Les tribunaux confirment régulièrement ces lois discriminatoires et les législateurs bloquent année après année les tentatives d'adoption de lois consacrant l'égalité des Palestiniens et des juifs. Le racisme et la discrimination institutionnalisés à l'encontre des citoyens palestiniens ont plongé près de la moitié d'entre nous dans la pauvreté et notre taux de chômage a grimpé à 25 %.

Le racisme à l'égard des Palestiniens est encouragé et exploité par pratiquement tous les hommes politiques et partis israéliens principaux (le parti travailliste, qui ne dispose que de sept sièges à la Knesset, est la seule exception). Même des « modérés » comme le leader de Yesh Atid, Yair Lapid, qui a été chargé de former un gouvernement à la suite des élections parlementaires non concluantes de mars, a déclaré qu'il voulait être « débarrassé des Arabes » et que sa priorité la plus importante était « de maintenir une majorité juive sur la terre d'Israël. »
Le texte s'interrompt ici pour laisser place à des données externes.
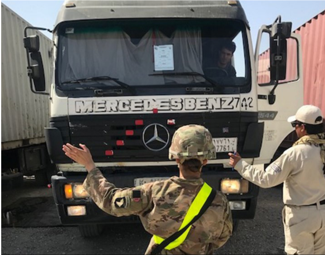
Figure 2. COR Performs Maintenance Inspection on a NAT 3.0 Truck

Les hommes politiques demandent la révocation de notre citoyenneté, ou pire encore - comme l'ancien ministre des Affaires étrangères Avigdor Lieberman, qui a déclaré qu’il fallait nous couper la tête, ou l'ancien ministre de l'Education Naftali Bennett, qui a déclaré qu'il avait tué de nombreux Palestiniens et que cela ne lui posait aucun problème.

Depuis 2019, le Premier ministre Benjamin Netanyahu a conclu à deux reprises un pacte électoral avec le parti ouvertement raciste ‘Pouvoir juif’, composé de partisans du célèbre Meir Kahane, dont le parti ‘Kach’ et ses branches ont été qualifiés d'organisations terroristes par les États-Unis. Le ‘Pouvoir juif’ est dirigé par Itamar Ben Gvir, qui dit que son héros est Baruch Goldstein, qui a abattu 29 Palestiniens en prière à Hébron en 1994.

Tout ceci ne fait pas que récolter des voix pour M. Netanyahu, cela normalise aussi la haine des Palestiniens. Les jeunes juifs sont plus radicalisés que leurs parents, les sondages montrant qu'ils ne veulent pas vivre à côté des Palestiniens et sont favorables à la révocation de notre citoyenneté.

Ces préjugés, ce racisme et cette violence à l'égard des Palestiniens ne sont pas limités à une frange de la société - ils sont devenus courants. Rien qu'en mai, le gouvernement de M. Netanyahou a autorisé des marches de suprémacistes juifs violents dans les quartiers palestiniens de Jérusalem et dans l'enceinte de la mosquée Aqsa. Des officiers de police israéliens et des citoyens juifs se sont vus offrir une immunité de facto pour avoir attaqué des Palestiniens.

En effet, notre simple existence irrite les élites dirigeantes d'Israël, qui insistent pour préserver la judéité de l'État. Mon père, qui a 82 ans, attend toujours le jour où il n'aura plus à vivre dans la crainte que nous soyons expulsés de notre patrie. Être un Palestinien en Israël, c'est attendre le jour où Israël décidera de se débarrasser définitivement de vous.

Comment expliquer à mon fils de 7 ans ce que signifie être un citoyen palestinien d'Israël ? Quel avenir peut-il envisager, alors que les dirigeants du gouvernement incitent à la haine contre lui ? Quel espoir audacieux peut-il avoir alors qu'il est condamné à faire face au racisme et à la discrimination dans l'éducation, l'emploi et le logement ?

Pour l'instant, j'essaie de le protéger des images diffusées à la télévision et sur nos téléphones, mais il arrivera bientôt un moment où je ne pourrai plus le protéger de la réalité : il est entouré de personnes qui le considèrent comme un citoyen de seconde zone.